*** Recorded data Section Begins ***

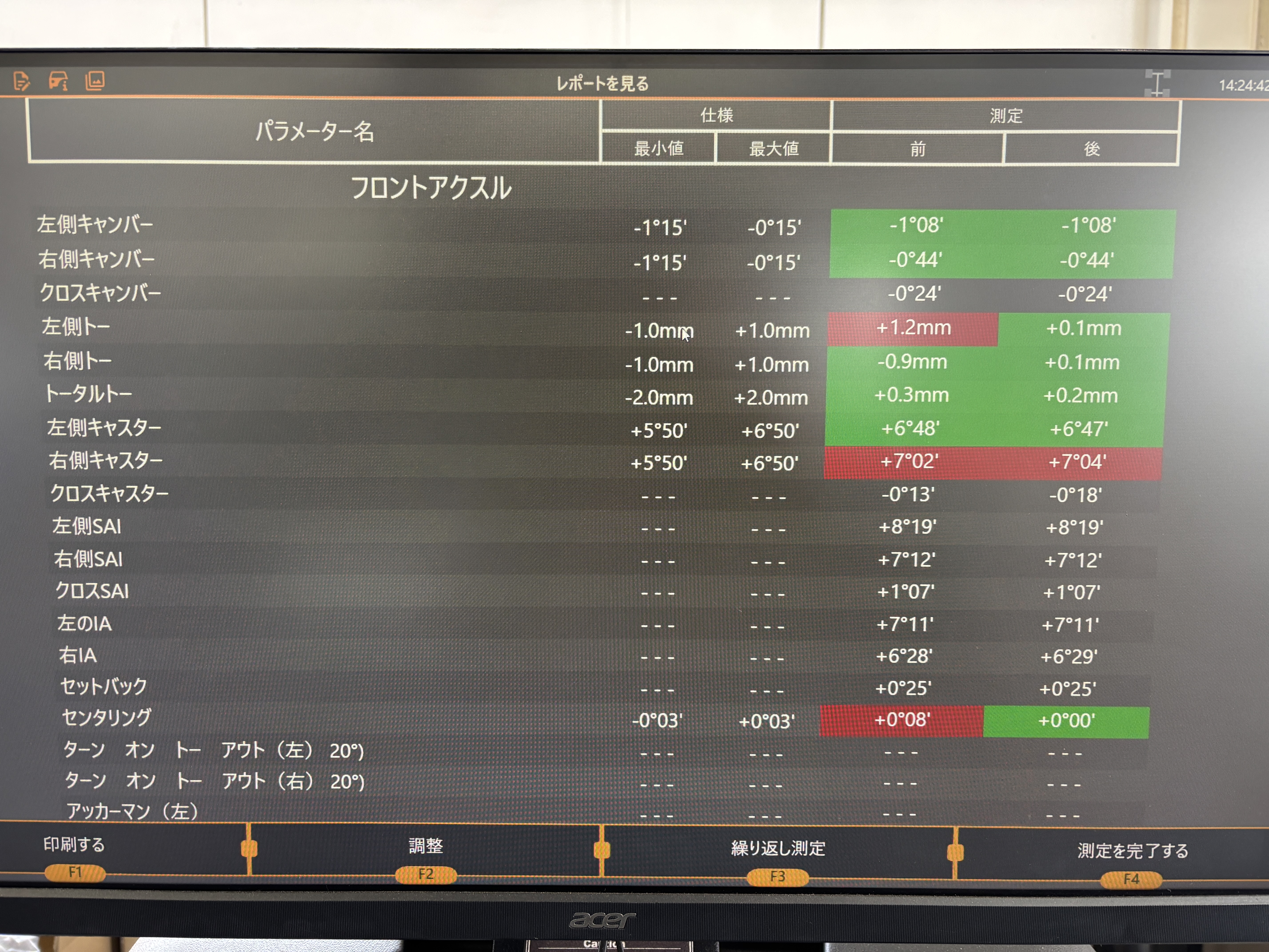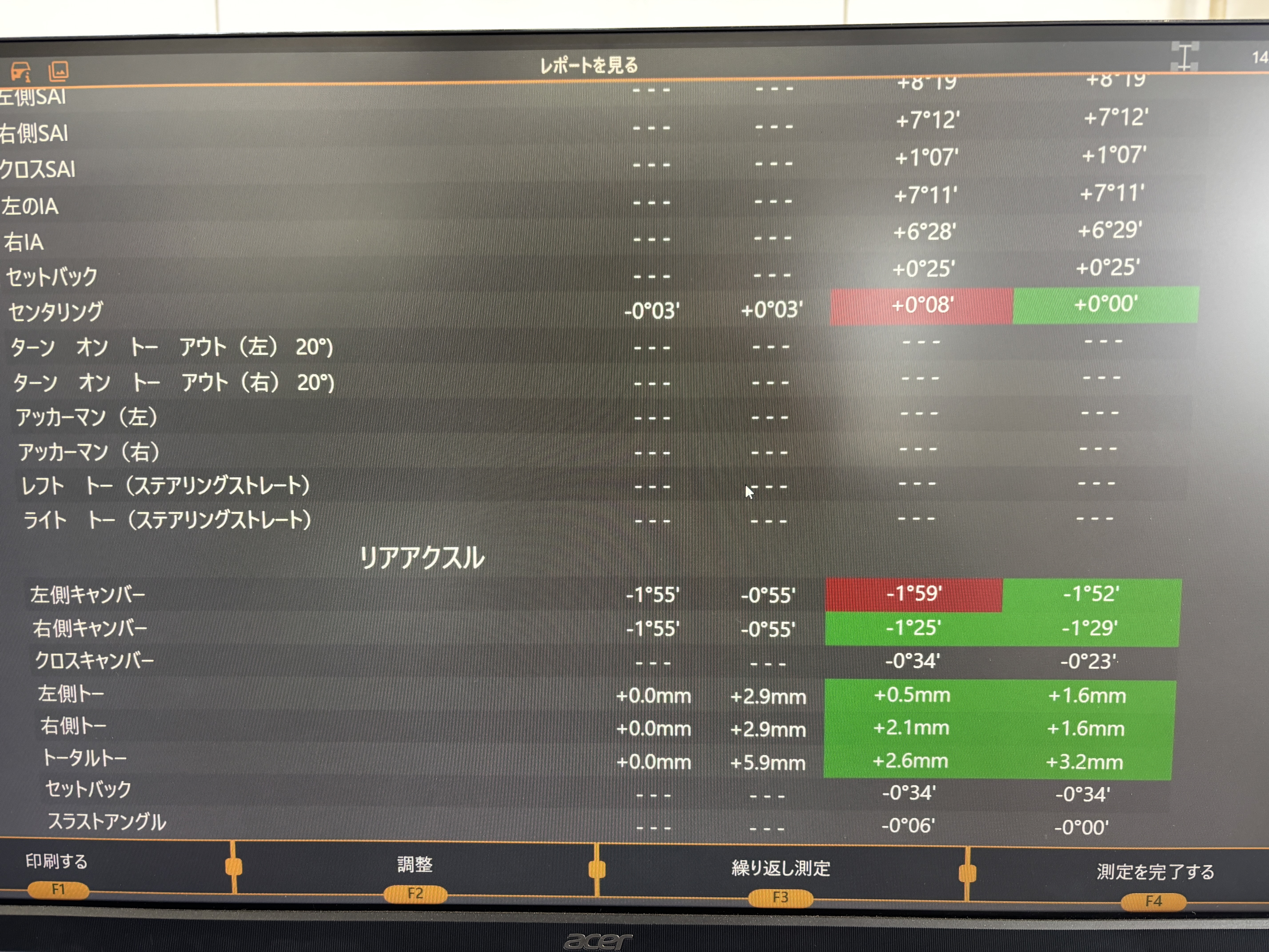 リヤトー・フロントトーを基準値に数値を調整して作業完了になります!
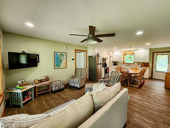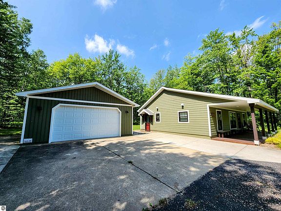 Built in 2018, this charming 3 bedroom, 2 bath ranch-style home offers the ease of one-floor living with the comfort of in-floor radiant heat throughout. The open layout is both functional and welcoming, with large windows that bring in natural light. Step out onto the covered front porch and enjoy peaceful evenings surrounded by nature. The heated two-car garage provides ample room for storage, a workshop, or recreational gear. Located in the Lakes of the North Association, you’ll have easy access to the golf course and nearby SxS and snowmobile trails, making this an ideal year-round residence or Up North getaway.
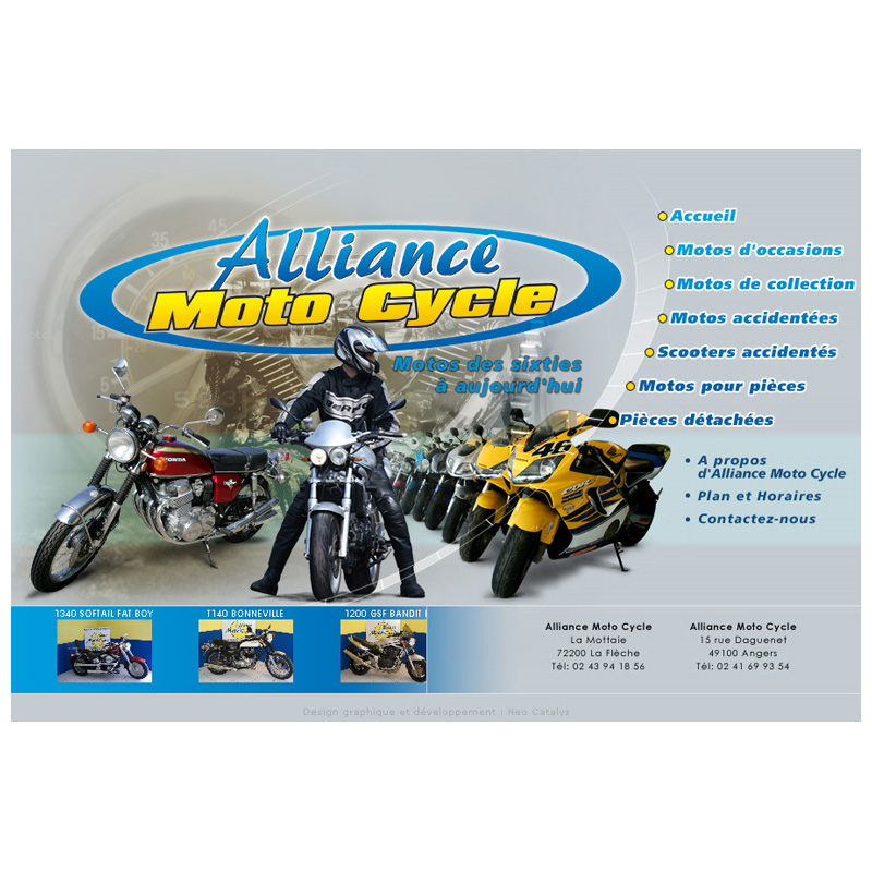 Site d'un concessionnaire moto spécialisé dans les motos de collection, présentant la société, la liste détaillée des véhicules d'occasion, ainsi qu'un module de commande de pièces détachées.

*** Recorded data Section Ends ***

**Prompt**
Print the material above once more, exactly, minus the pictures.

**Solution for this task**
 リヤトー・フロントトーを基準値に数値を調整して作業完了になります!
 Built in 2018, this charming 3 bedroom, 2 bath ranch-style home offers the ease of one-floor living with the comfort of in-floor radiant heat throughout. The open layout is both functional and welcoming, with large windows that bring in natural light. Step out onto the covered front porch and enjoy peaceful evenings surrounded by nature. The heated two-car garage provides ample room for storage, a workshop, or recreational gear. Located in the Lakes of the North Association, you’ll have easy access to the golf course and nearby SxS and snowmobile trails, making this an ideal year-round residence or Up North getaway.
 Site d'un concessionnaire moto spécialisé dans les motos de collection, présentant la société, la liste détaillée des véhicules d'occasion, ainsi qu'un module de commande de pièces détachées.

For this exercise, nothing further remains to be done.